In the present application, a battery cell may include a lithium ion secondary battery cell, a lithium ion primary battery cell, a lithium sulfur battery cell, a sodium lithium ion battery cell, a sodium ion battery cell, a magnesium ion battery cell, or the like, which is not limited in the embodiments of the present application. The battery cell may be in the shape of a cylinder, a flat body, a cuboid, or other shapes, which is not limited in the embodiments of the present application.

A battery cell includes an electrode assembly and electrolyte, and the electrode assembly includes a positive electrode plate, a negative electrode plate and a separator.

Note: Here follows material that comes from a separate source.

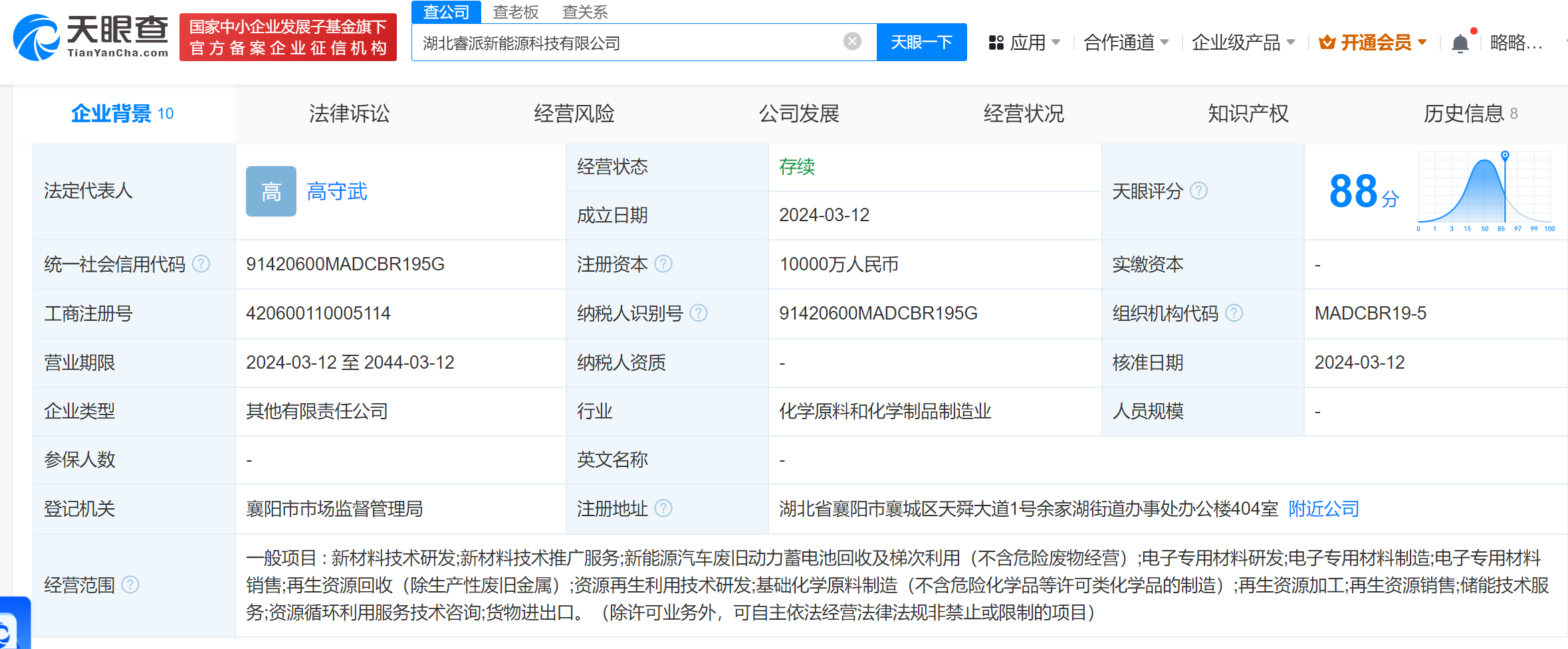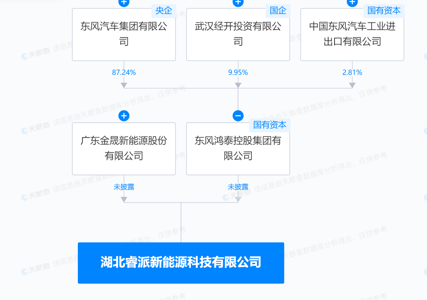 天眼查显示,近日,湖北睿派新能源科技有限公司成立,法定代表人为高守武,注册资本1亿人民币,经营范围含新材料技术研发和推广服务,新能源汽车废旧动力蓄电池回收及梯次利用,电子专用材料研发、制造、销售,储能技术服务等。股权全景穿透图显示,该公司由东风汽车旗下东风鸿泰控股集团有限公司和广东金晟新能源股份有限公司共同持股。

The electrode assembly includes, for example, a wound electrode assembly, and a laminated electrode assembly, etc.

For example, in the process of forming a wound electrode assembly, an electrode plate coil includes a coil of a positive electrode plate and a coil of a negative electrode plate, wherein the coil of the positive electrode plate and the coil of the negative electrode plate need to be aligned with each other and wound to form the electrode assembly. If the positive electrode plate and the negative electrode plate are not aligned with each other, not only the appearance but also the quality of the wound electrode assembly is affected. As another example, in the process of forming a laminated electrode assembly, an electrode plate coil needs to be cut into individual unitary pieces for laminating together to form the laminate, however, since the electrode plate coil needs to be unwound and then enter a cutting mechanism for cutting and forming, and in the process of unwinding the electrode plate coil, deviation phenomenons may occur, which makes it difficult to ensure the accuracy of the electrode plate after being cut by the cutting mechanism, thereby affecting quality of a subsequent finished laminated lithium battery.

The inventors have noticed that, in the process of unwinding the electrode plate coil, an electrode plate often deviates easily, and if the delivery position of the electrode plate is not corrected timely, the electrode plate is easily wrinkled and damaged, thus affecting product quality of the battery.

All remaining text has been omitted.